Raytraced display mode crashes rhino with second GPU

I have two graphics cards, a RX580 for display and a Vega64 which was supposed to be just for rendering. Both cards were working with cycles in the beginning, though they were both called “Vega 64” in the rhino settings as render device.

Some time ago cycles aka raytraced viewport stopped working. It says “rendering” but the viewport stays in normal rendered mode, not cycles (doesn’t matter which of the GPUs I set as render device). After I had installed newer drivers like a month ago, the cards were called “Vega 64” and “Vega 36” under device settings and it still didn’t work. I just installed the latest drivers and now four devices are shown and still, raytraced does not work.

I tried the different devices in hope that one would work, but rhino crashes when I set the render device to one of the “Vega 36” devices. I did send in the bug report.
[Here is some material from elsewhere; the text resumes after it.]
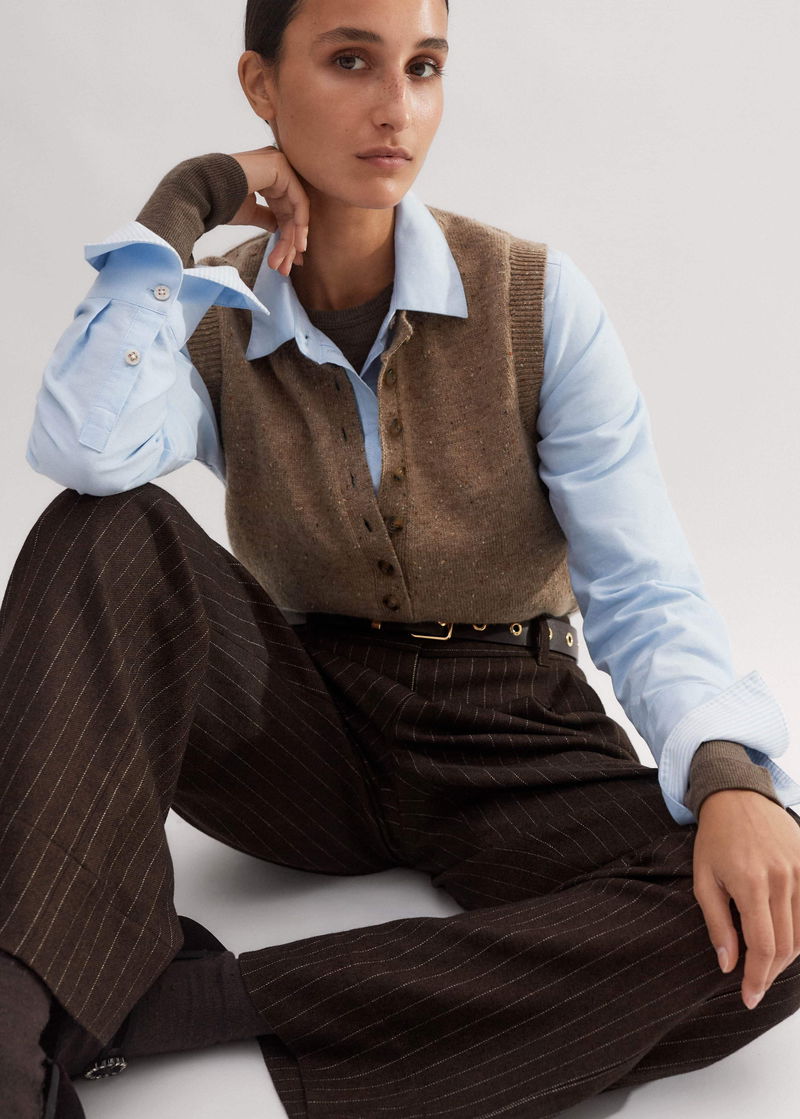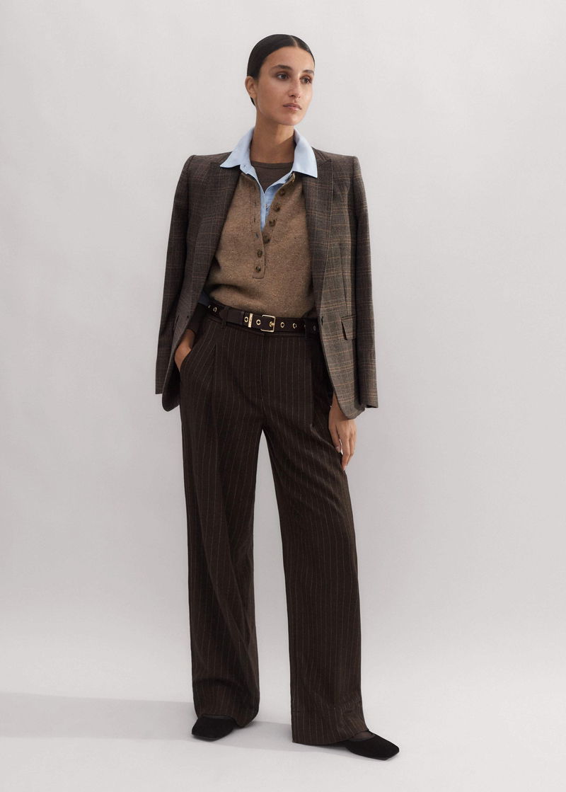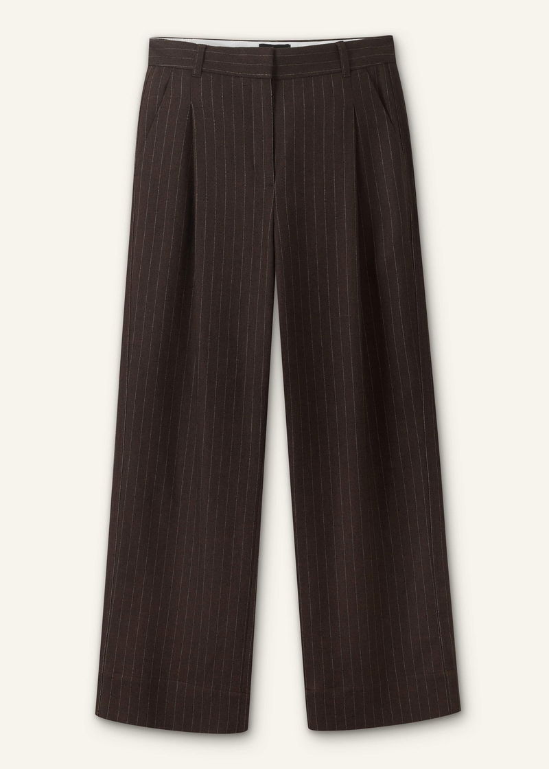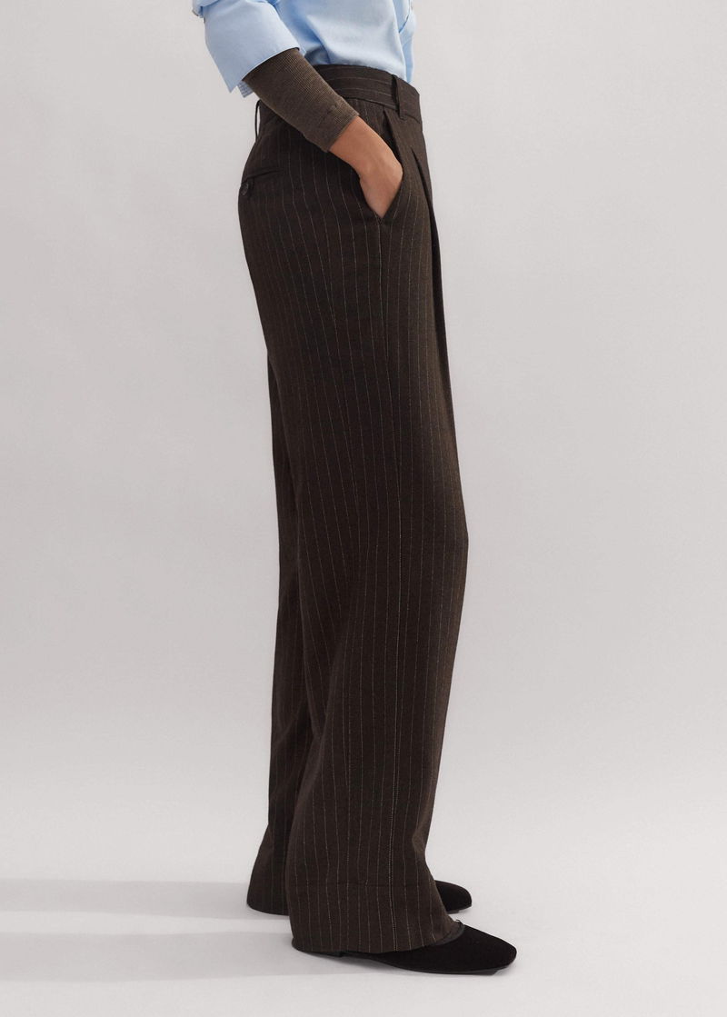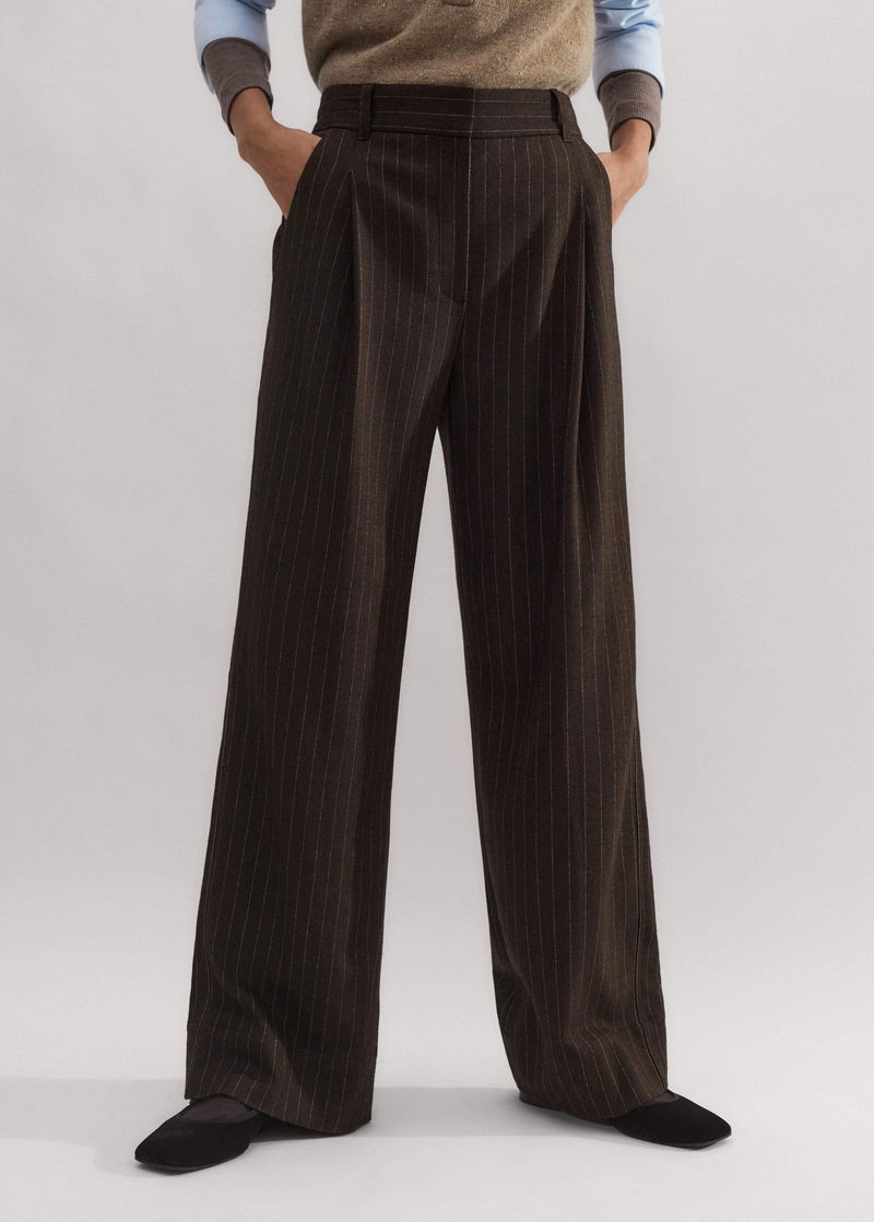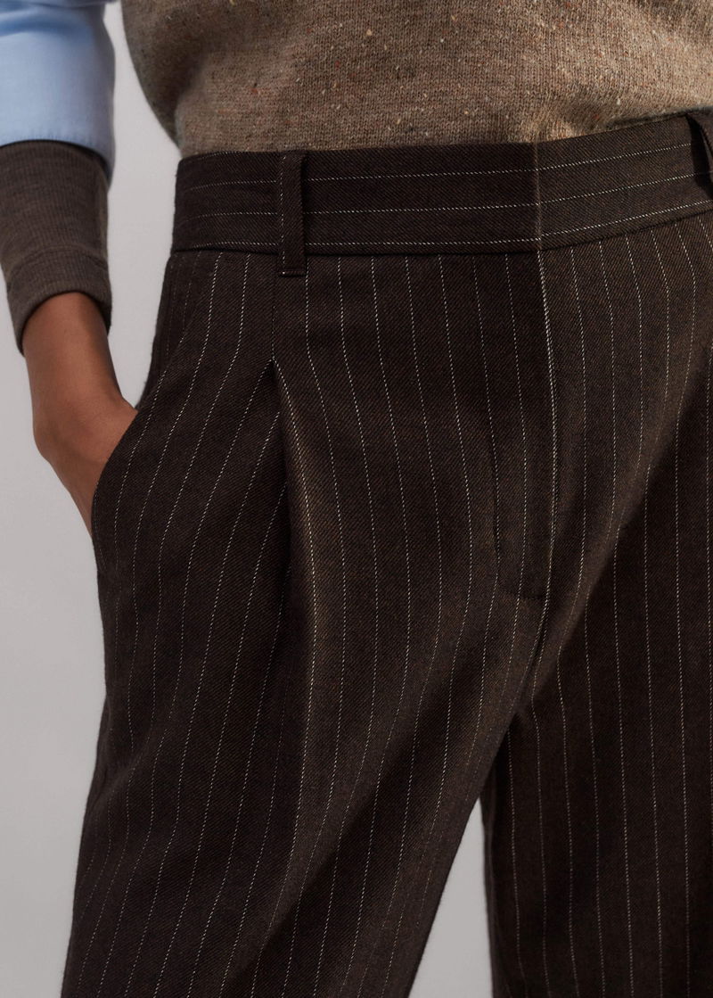 Soft Italian tailoring in a subtle pinstripe pattern grants ME+EM's Brown Flannel Pinstripe Trouser added depth and a covetable tactility.

I didn’t really had any rendering work to do for quite some time now, so I didn’t really care. but soon, I’ll have to render again.

Hope this is a simple thing.

Can you please reply with the outputs of the commands RhinoCycles_ListDevices and RhinoCycles_ShowDeviceCapabilities pasted here?

Of particular interest is why your cards are listed twice.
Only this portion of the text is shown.